IT-Security Regulatory Update | June 2024
Focus: DORA information register, IDW amendments to the NIS-2 Implementation and Cybersecurity Strengthening Act, Insurance Europe annual report
Highlight from June 2024
On June 20 and 21, 2024, the financial supervisory authority BaFin informed financial companies about the requirements for an information register
Among other things, the following questions were answered:
What data must be included in the information registers? To what level of detail should the data on the ICT services used be kept? How are the information registers submitted to the supervisory authority?
How can it be ensured that the data is submitted in the correct format (“machine-readable”)?
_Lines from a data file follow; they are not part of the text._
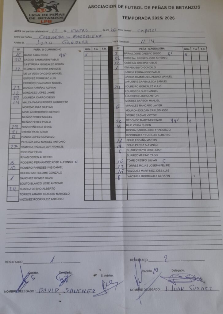 25 de enero de 2026 00:00 Liga de Peñas de Betanzos 2025-2026
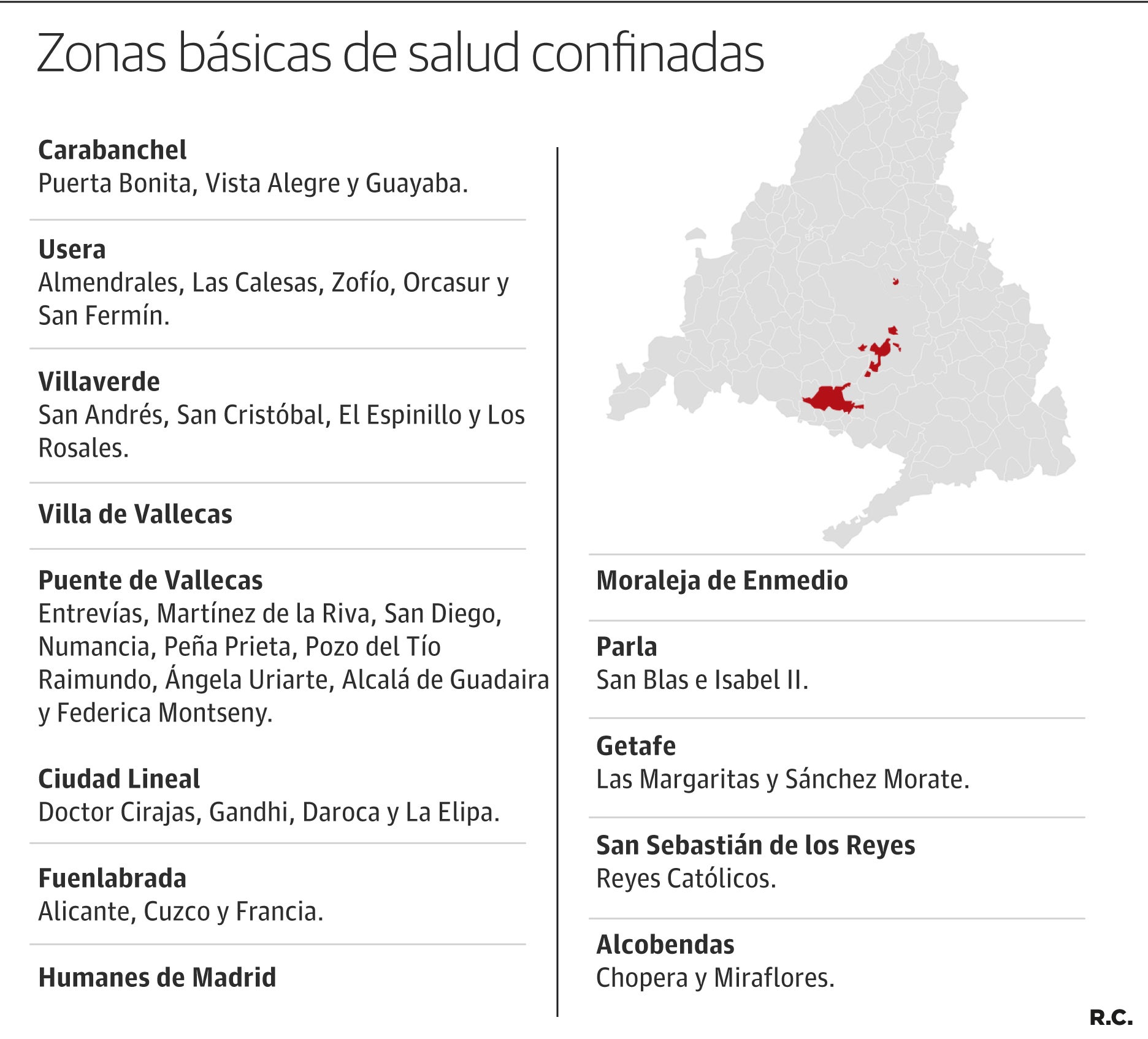 Los vecinos afectados pertenecen a 26 zonas básicas de la capital de España (repartidas en 6 distritos: Carabanchel, Usera, Villaverde, Villa de Vallecas, Puente de Vallecas y Ciudad Lineal) y a otras 11 zonas de otros 7 municipios (Fuenlabrada, Humanes, Moraleja de Enmedio, Parla, Getafe, San Sebastián de los Reyes y Alcobendas) . Esos barrios y pueblos, que representan el 13% de la población de la región, sin embargo suman casi el 25% de los contagios de toda la comunidad. Los barrios que van a ser aislados se mueven entre los 1.903 casos cada 100.000 habitantes (récord de todo Europa) de la zona sanitaria de Martínez de la Riva (en Puente de Vallecas) a los 1.006 de la zona de Miguel Severt en Carabanchel.
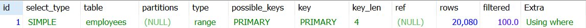 UNION이나 서브쿼리를 사용하지 않는 단순한 SELECT 쿼리인 경우 select_type은 SIMPLE로 표시된다. 쿼리에 조인이 포함된 경우에도 마찬가지다. 아무리 복잡한 쿼리라도 SIMPLE인 단위 쿼리는 하나만 존재하며 여러 레코드라면 id값이 같다.
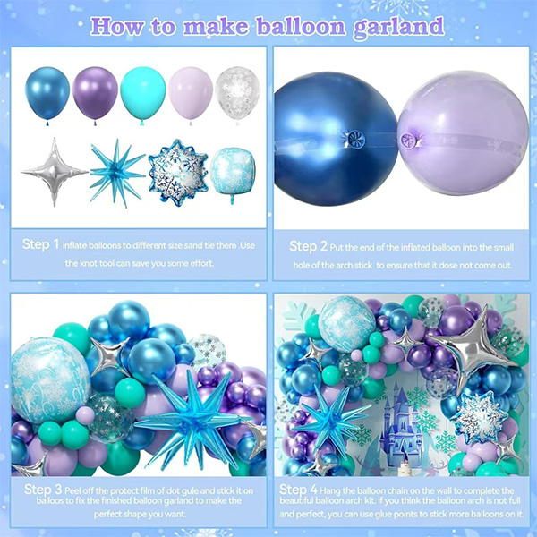 Смрзнуто украсе партије Баллоон Гарланд Кит задужено од популарног смрзнутог ИП-а. То тачно репродукује боје из филма. Комбинује хладне боје попут плаве, сребрне, љубичасте и беле боје. Плава је попут раног јутра неба Арендела. Светло љубичаста је попут сјаја који се препуним чаробним леденим кристалима. Сребрно украси су попут одраз пахуљица. Они граде систем боја са богатим слојевима. Они стварају сан и елегантно визуелно искуство.
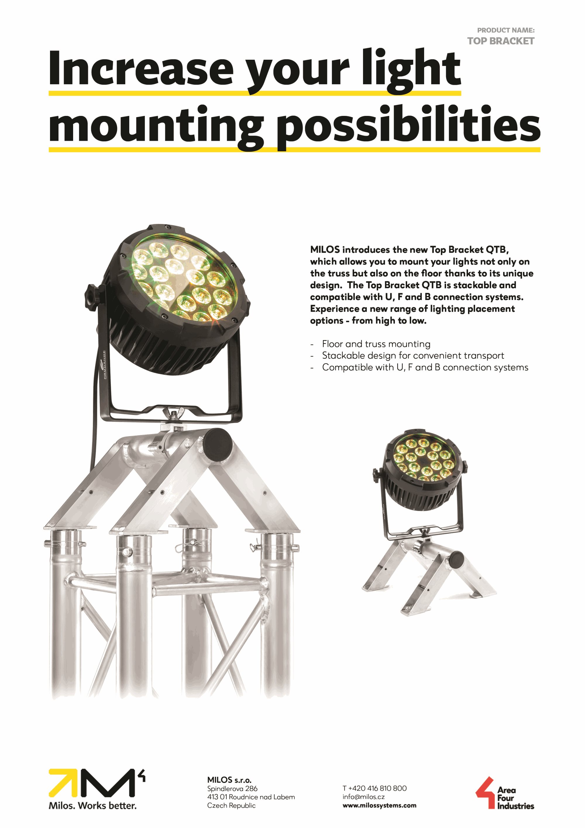 MILOS introduces the new Top Bracket QTB, which allows you to mount your lights not only on the truss but also on the floor thanks to its unique design. The Top Bracket QTB is stackable and compatible with U, F and B connection systems. Experience a new range of lighting placement options - from high to low.
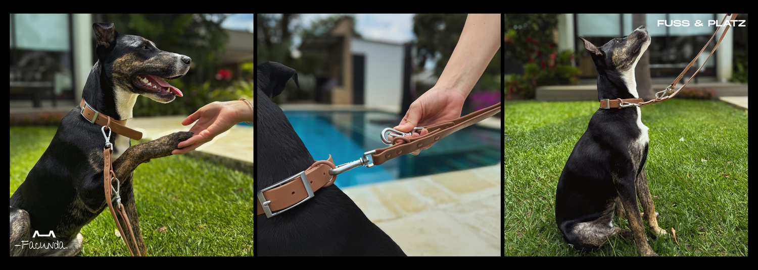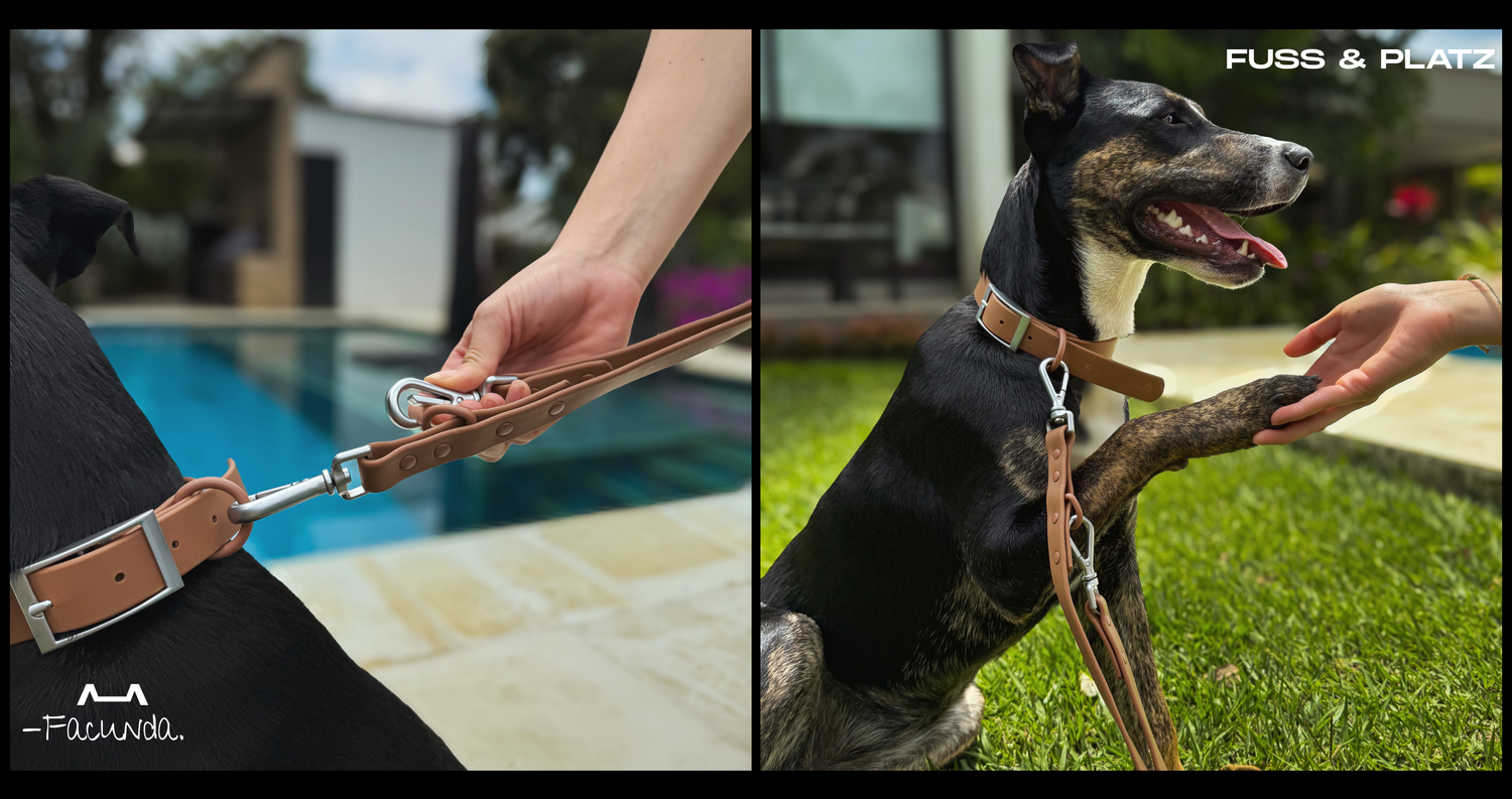 Ajusta el gancho al D-ring más cercano, y amarra el otro al collar o pechera. Así acortas la correa al instante para tener más control.

Presentation DORA Information Register
BaFin’s presentation on the DORA information register explains the requirements and principles for maintaining information registers for financial companies that use third-party ICT service providers. Financial companies must keep an information register that includes all contractual agreements with ICT third-party service providers. These registers are used both for internal risk management and to provide information for supervisory authorities. It is important to check the data regularly and correct any errors immediately. The data must be stored for at least five years after the end of the contract. The identification of business functions and their criticality is a key point. Companies need to identify all operational and business functions and assess which ones are critical or important.
Similarly, all ICT services provided by third-party providers that support these critical functions must be recorded in the register. DORA places particular emphasis on distinguishing between critical and important functions, the failure of which could have a significant negative impact on financial performance or regulatory compliance. Subcontractors who support ICT services must also be documented in the register. The EU monitoring framework provides standardized templates that contain details on the contractual agreements and the service providers involved. Companies must register themselves on the reporting and publication platform (MVP ), which will be activated by BaFin from January 2025.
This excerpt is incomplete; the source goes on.